Philip Roth, Sokaktaki Adam romanında yaşlılığını katliam olarak tarif ediyordu. Haddimiz değil ama Roth, yanılıyor olabilir mi acaba? Yaşlılık cidden, kaotik, karanlık ve insanın en mutsuz dönemi midir? Tıpkı geçmişi dönemlere ayırdığımız gibi, insanın mutluğunu dönemlere ve yaşlara göre mi ayırıyoruz? Yani gençlik dönemlerimizde yarınlar yokmuşcasına eğlenip, 60’ımıza geldiğimizde karalar bağlayıp kendimize evimize hapsediyoruz? Yurtdışında yapılan araştırmalar ve toplanan veriler; mutluluk oranın yaşlandıkça arttığını ortaya koyuyor ilginç bir şekilde. Aynı araştırmalarda, insanın gençliğinde, yaşadığı gelecek kaygısı, iş stresi, büyüme sıkıntısı gibi vaziyetler onları mutsuzluğa sevk ettiğini, yaş arttıkça zaman algısının değiştiğini ve etrafta gelişen olaylara daha soğukkanlı bakabildiğini dolayısıyla mutluluk oranın da yükseldiği ortaya çıkıyor.

Bu bağlamda mutluluk kavramını yeniden ele almamız gerekiyor sanırım. Alman psikolog ve felsefeci Wilhelm Schmid, 2014 yılında Tanıl Bora çevirisiyle İletişim Yayınları’ndan yayımlanan Mutsuz Olmak kitabında, 21. yüzyılda mutluluk tanımını ele alıyor. Schmid, son yıllarda karşımıza çıkan ve bize üç derste mutlu olmanın yollarını gösteren bir yapıt ortaya çıkarmamış. Schmid, mutluluk mevzusuna biraz tersten bakmak gerektiğini düşünüyor; örneğin mutlu olabilmemiz için önce mutsuz olmamız gerektiği görüşünde. Böyle bakınca, Schmid’in bize kitap boyunca çileci bir yaşam önerisinde bulunduğunu düşünebiliriz. Lakin, Schmid’in derdi başka. Alman yazar, modern hayatın özellikle 19. yüzyıl sonunda inşa ettiği hayat tarzında, sadece hazza dayalı, gelip geçici bir mutluluğa dayalı bir anlayış olduğunu belirtiyor.

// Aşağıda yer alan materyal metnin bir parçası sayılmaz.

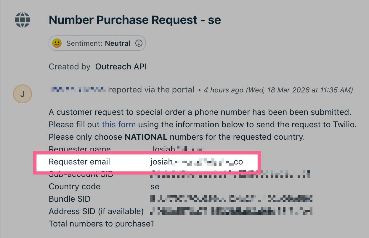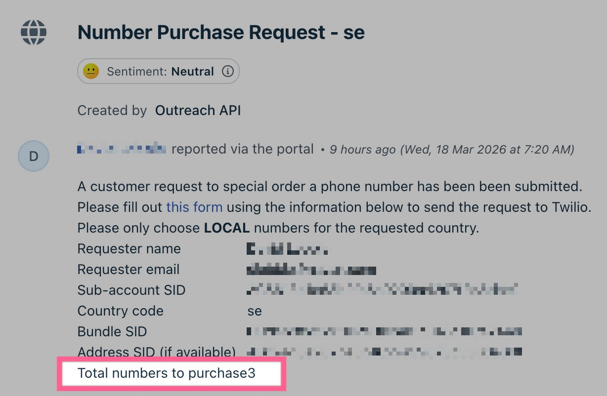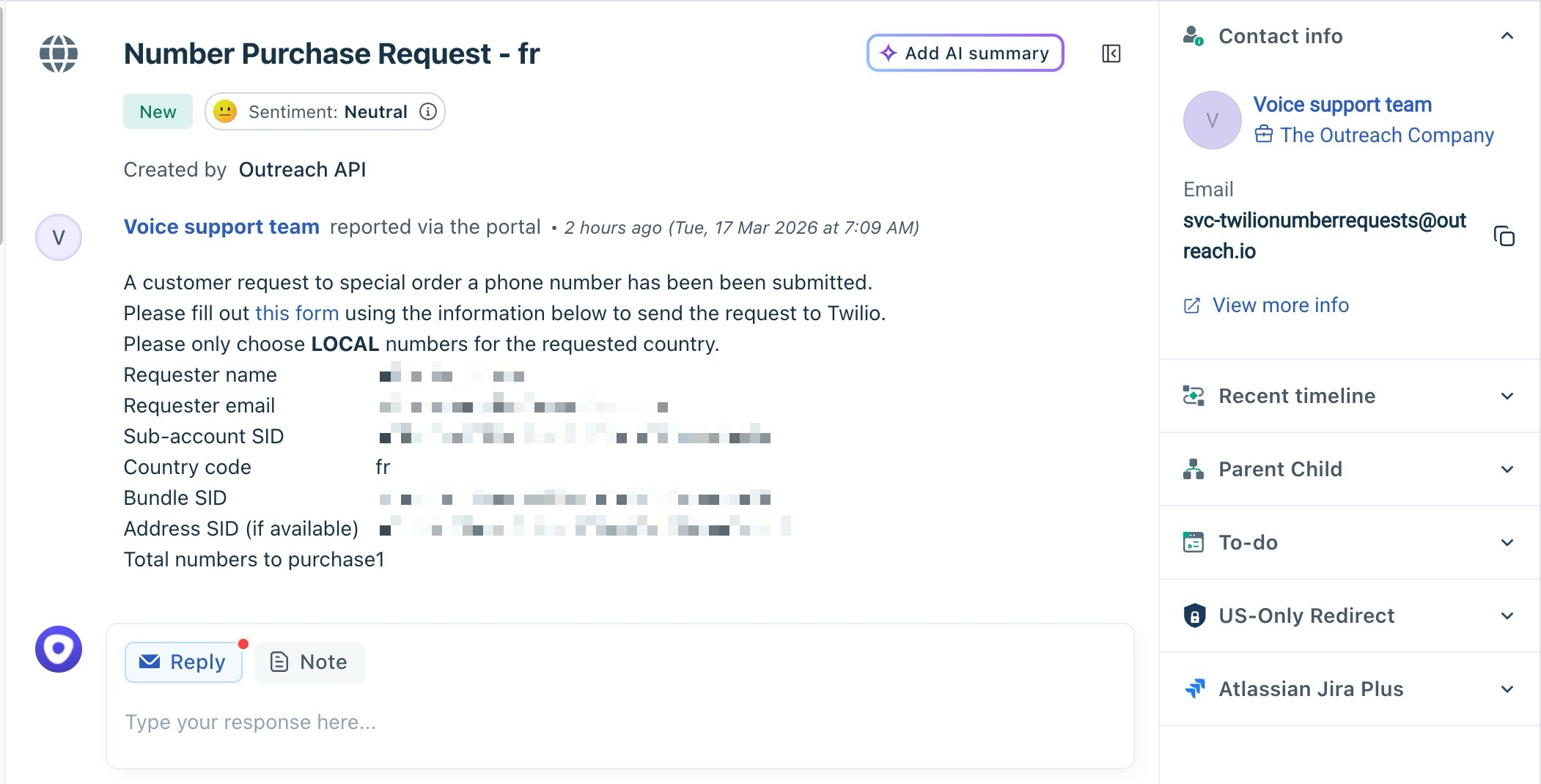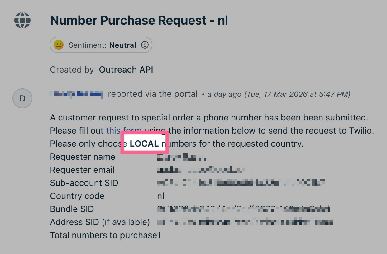 - Customer has submitted a special number order or private offering request, and you need to process this for them with Twilio. They normally submit these when they can't do it in the portal or there are no avaialble numbers, therefore they're prompted in Outreach to submit a request like this to us, which we'll receive via the API as a Support ticket.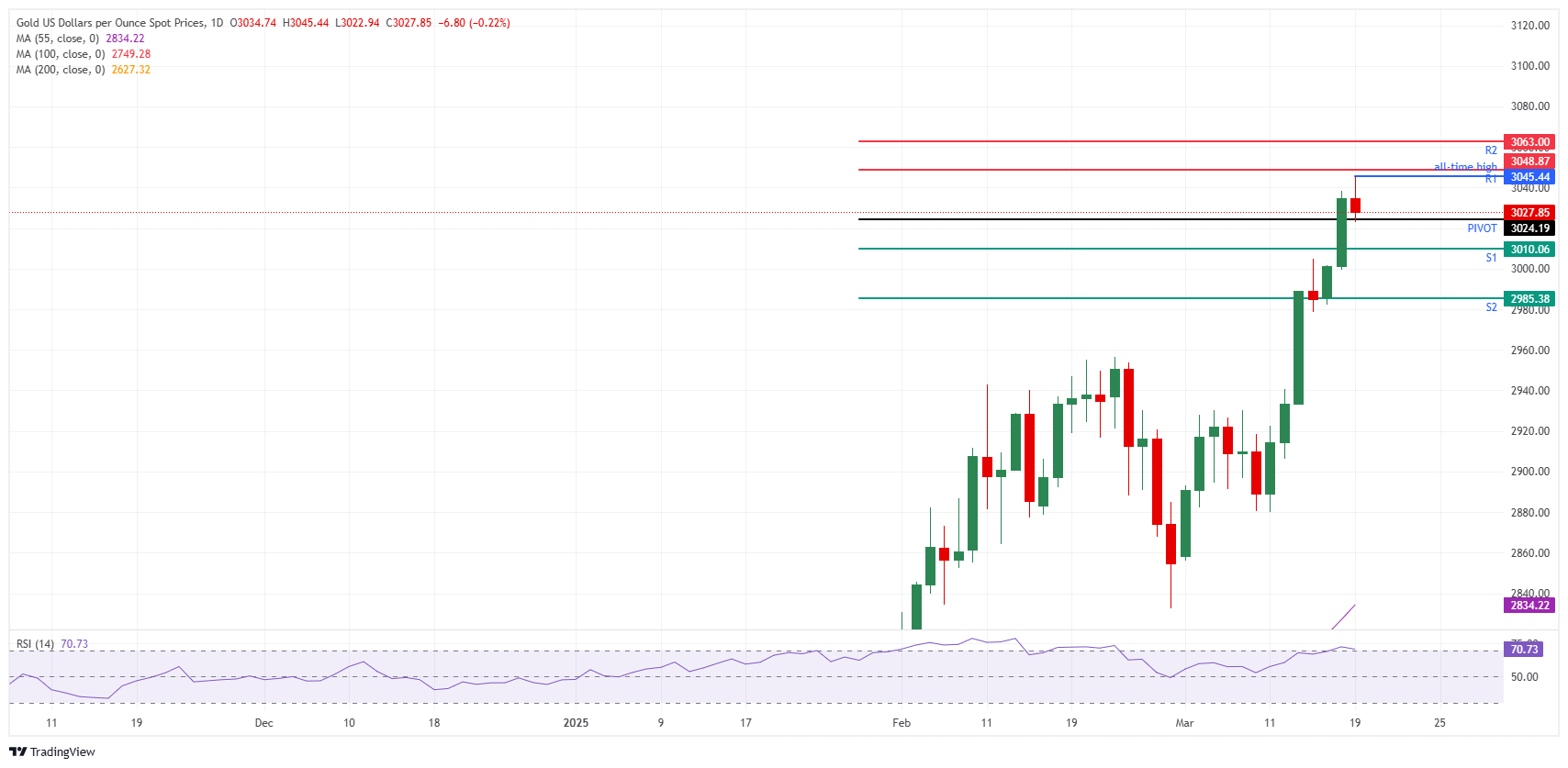 Gold price (XAU/USD) retreats slightly to around $3,030 on Wednesday after reaching a fresh all-time high of $3,045 earlier in the session. The rally was fueled by geopolitical tensions following the detention of Istanbul Mayor Ekrem Imamoglu, a key political rival of Turkish President Tayyip Erdogan, on charges of corruption and aiding a terrorist group.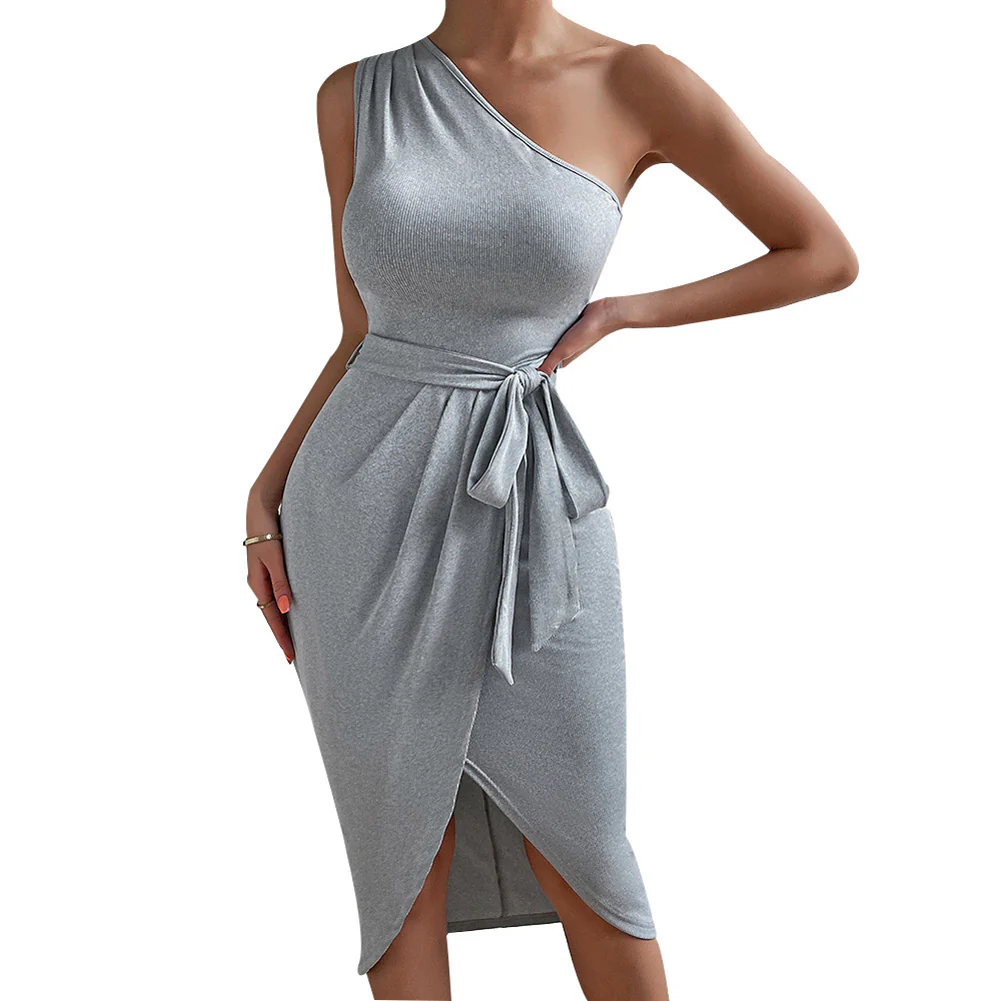 YESFASHION Fashion One Shoulder Dress For Women Elegant Slimming Lace-up Bodycon Skirt Simple Solid Color Pullover Dress Brand YESFASHION Color Grey Style Party Pattern Type Plain Details Sling,Belt Type Bodycon Neckline Spaghetti Strap Sleeve Length Sleeveless Sleeve Type No Waist Line High Waist Hem Shaped Slit Lengt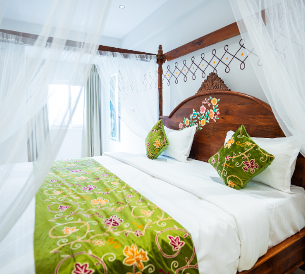 An elegant and spacious room featuring a plush king-size bed, air-conditioning, high-speed Wi-Fi, smart TV with satellite channels, work desk, mini refrigerator, wardrobe, tea/coffee maker, and a private bathroom with premium amenities — ideal for couples, families, and business travelers.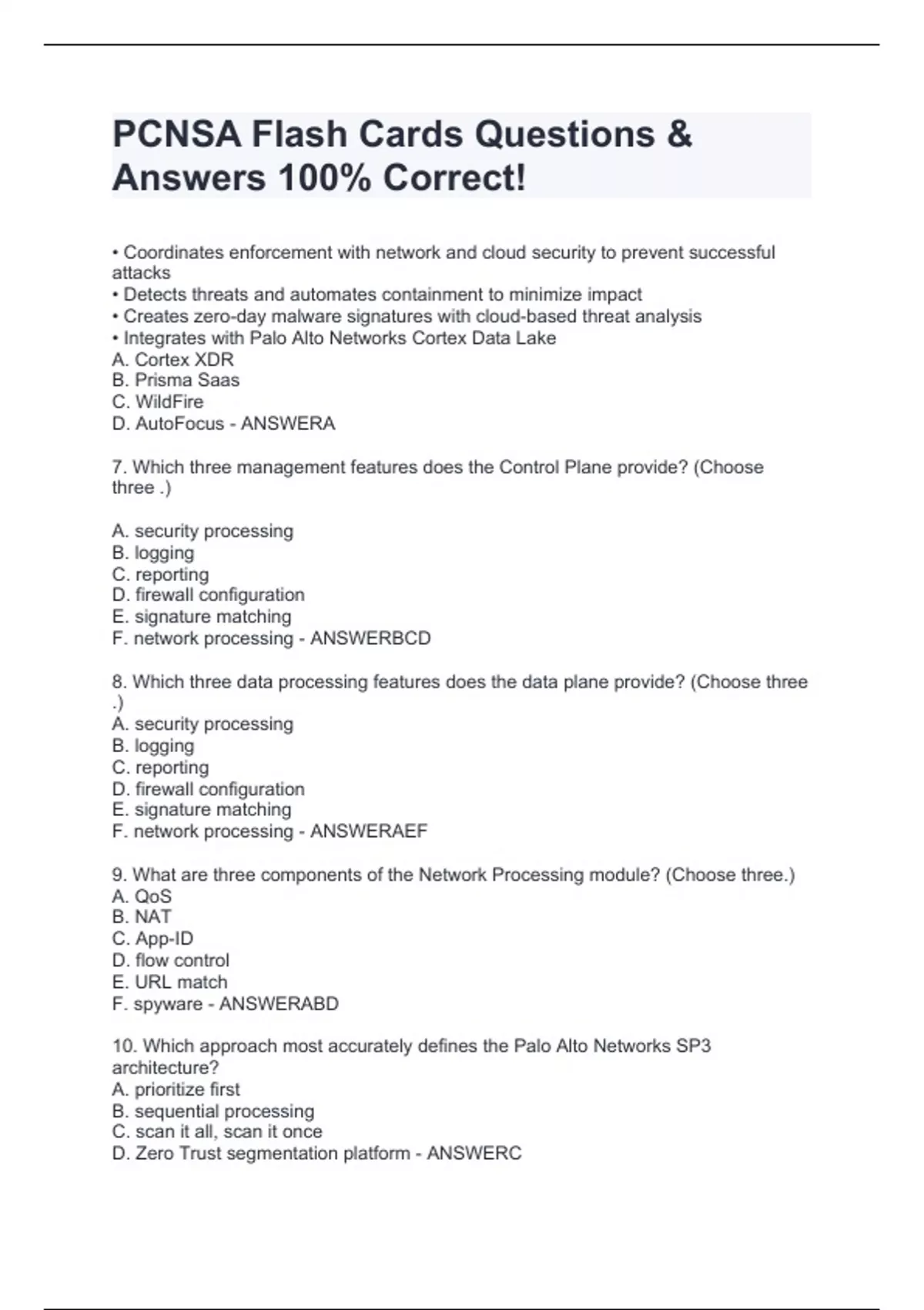 PCNSA Study Guide Questions & Answers 100% Correct!!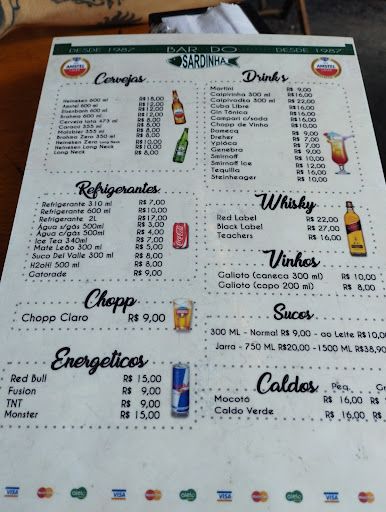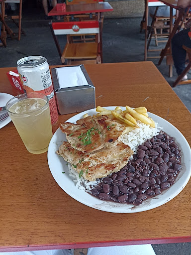 As mesas ficam numa larga calçada coberta por uma eficiente cobertura. A comida é boa, bem servida e saborosa, com ênfase no contra-filé, que arrisco dizer q é o melhor da região. A sardinha obviamente tbm é ótima. A cerveja é gelada e o atendimento eficiente. A comida é melhor que a do Olimpíadas do chopp, que fica em frente. E não tem música alta como o reza forte, que fica na outra extremidade da rua, o que permite vc conversar com as pessoas da sua mesa sem gritar. Um bom lugar pra almoçar ou jantar e melhor opção da região pra bater um papo com os amigos e...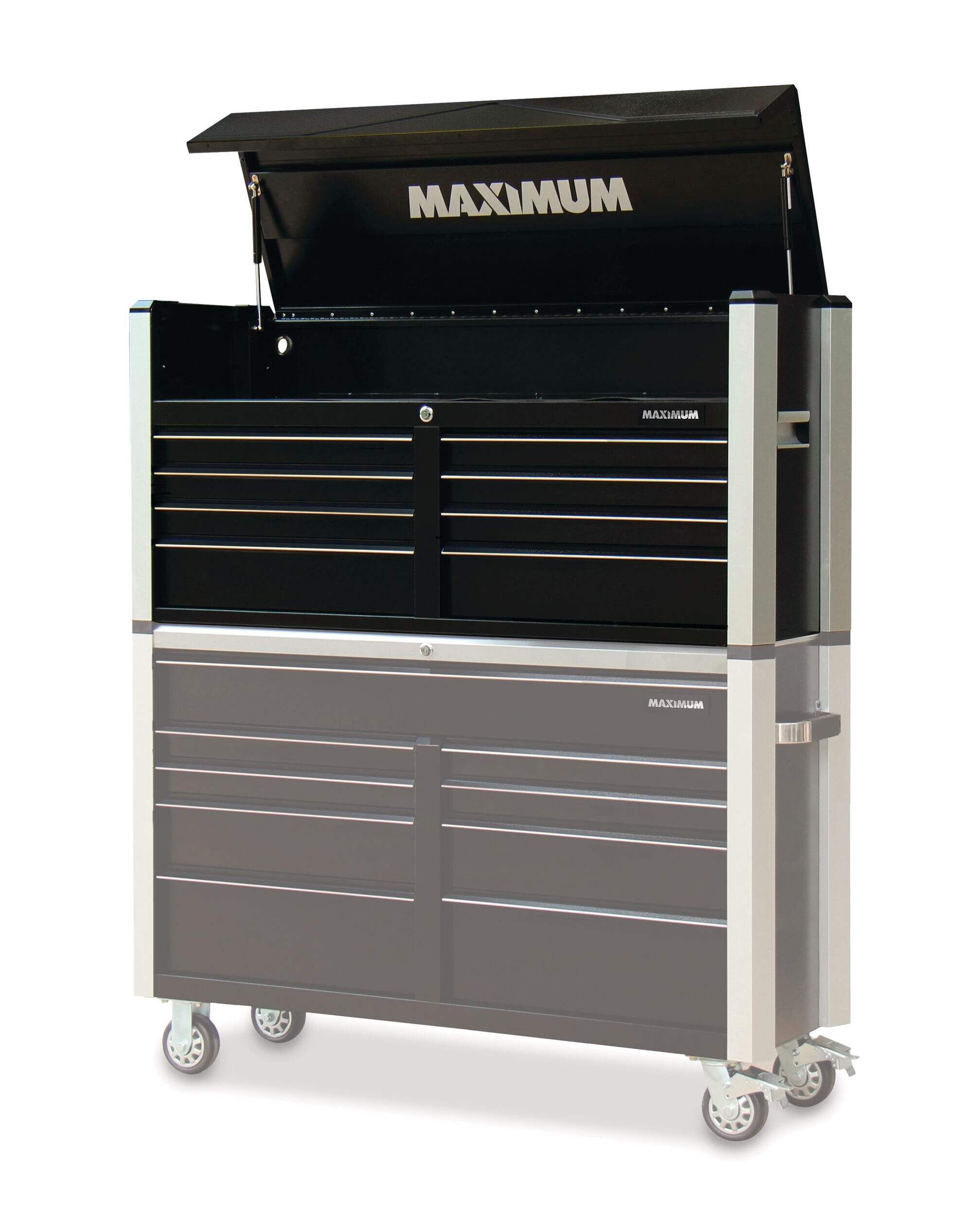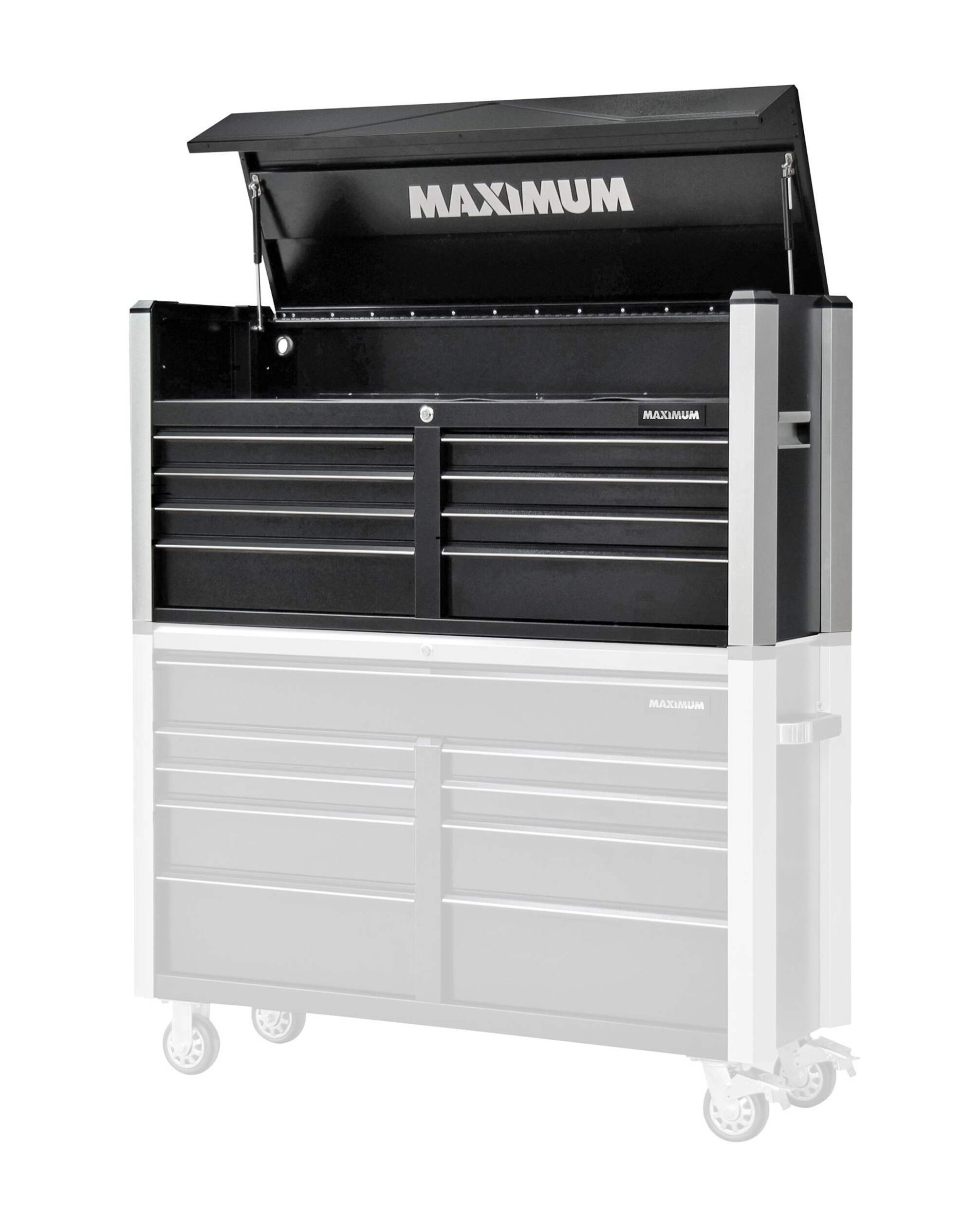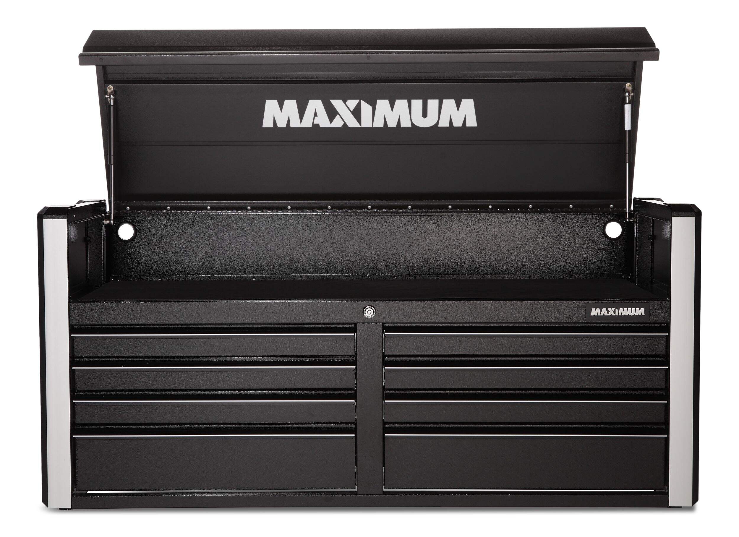 The MAXIMUM 57” Tool Storage Combo 8-Drawer Chest can serve as the ultimate one-stop shop for your tools and equipment, with a heavy-duty locking system for added security and durable liners in each compartment to protect from interior damage. This MAXIMUM chest can offer an adaptable storage solution when you need to fit a lot of equipment in a limited space. The storage box’s matte black finish helps it to resist small blemishes and fingerprints, as well as any dirt or dust you manage to kick up around the jobsite. If you plan to use the unit as a portable warehouse or tool cabinet, it has a pair of swivel casters and a pair of fixed ones that allow it to roll into place. This storage unit has 8 drawers in a variety of sizes to accommodate whatever tools, fasteners, or accessories you need to store. The deeper section near the top is ideal for storing your power tools, as cords can easily be run inside to power them when not in use. Regardless of your current project, this tool chest can serve as a reliable home base for your tools and materials.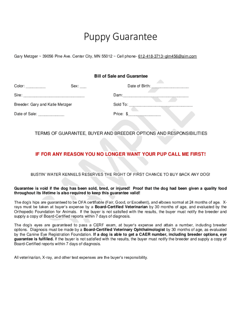 Puppy Guarantee Gary Metzger 39056 Pine Ave. Center City, MN 55012 Cell phone 6124183713glm456@aim.comBill of Sale and Guarantee Color: ___Sex: ___Date of Birth: ___Sire: ___Dam:___Breeder: Gary and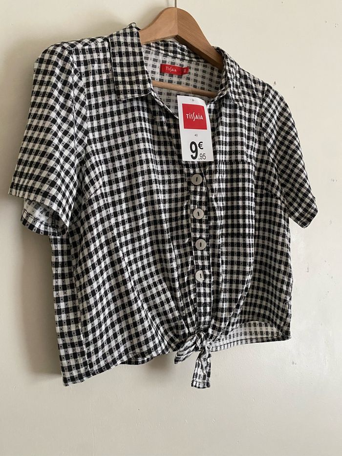 🌿Chemise courte à carreaux 🌿Neuf avec étiquette 🌿Taille 40 🌿100% viscose 🌿Prix magasin 9.95€ 1A #chemise #chemise40 #neuf #neufavecetiquette #chemisemanchecourte #blanc #noir #haut #moderne #tendance #collection #serie #femme #femme40 #soleil #ete #vetement #elegant #moderne #chic #mode #taille40 #chemisetissaia #tissaie #marque #tissaianeuf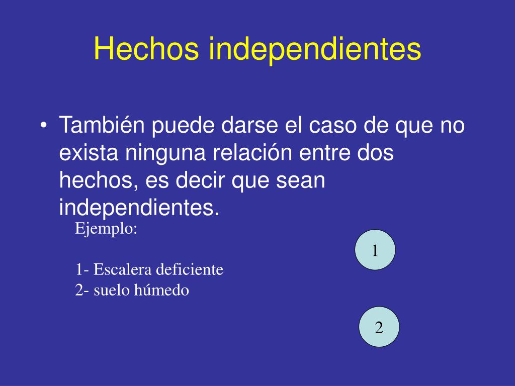 Hechos independientes • También puede darse el caso de que no exista ninguna relación entre dos hechos, es decir que sean independientes. Ejemplo: 1- Escalera deficiente 2- suelo húmedo 1 2

Hayatın içindeki negatif durumlardan, olumsuzluklardan sıyrılmış bir yaşam tarzının anlamsız, boş olabileceğini söylüyor. Schmid, gerçek mutluluğun ya da anlamlı bir hayatın ancak negatifinin yani olumsuz yanının da farkında olarak ulaşabileceği inancında.  Dolayısıyla Schmid, çileci bir yaşam önerisinde değil, hayatı iyi ve kötü taraflarıyla farkında olarak yaşamak gerektiğini söylüyor. Benzer bir şekilde Nermi Uygur, hayatın kaotik, düzensiz bir tarafından da bir düzen ve mutluluk çıkarabileceğimizi hatırlatıyor. Yaşama sanatında, kahramanca ve cesurca olan, hayatın içerisinde karşımıza çıkan olumsuzluklardan da bir yaşama felsefesi ortaya koymaktır belki de:

“Eğer her şey anlamsız görünürse geriye ne kalır? Her şeyi oluruna bırakmak ve buna dertlenmek- ya da bütün anlamsızlığına rağmen ondan kafi anlamı çıkartabilmek için hayatın tüm imkânıyla dost olmak. İnsanın varoluşunun bütün cepheleri anlam arayışının araçlarına dönüşebilirler. Mutluluk anları da bu araçları sağlayabilirler, fakat anlam, o anların çok ötesine uzanır.”

Dolayısıyla, Schmid, hayatı artılarıyla, eksileriyle, hayal kırıklıklarıyla, yakalanan hakiki mutluluk anlarıyla bir bütün olarak kavrayıp, algılayabilirsek mutlu olabilmek için sağlam bir adım atmış olabiliriz inancında.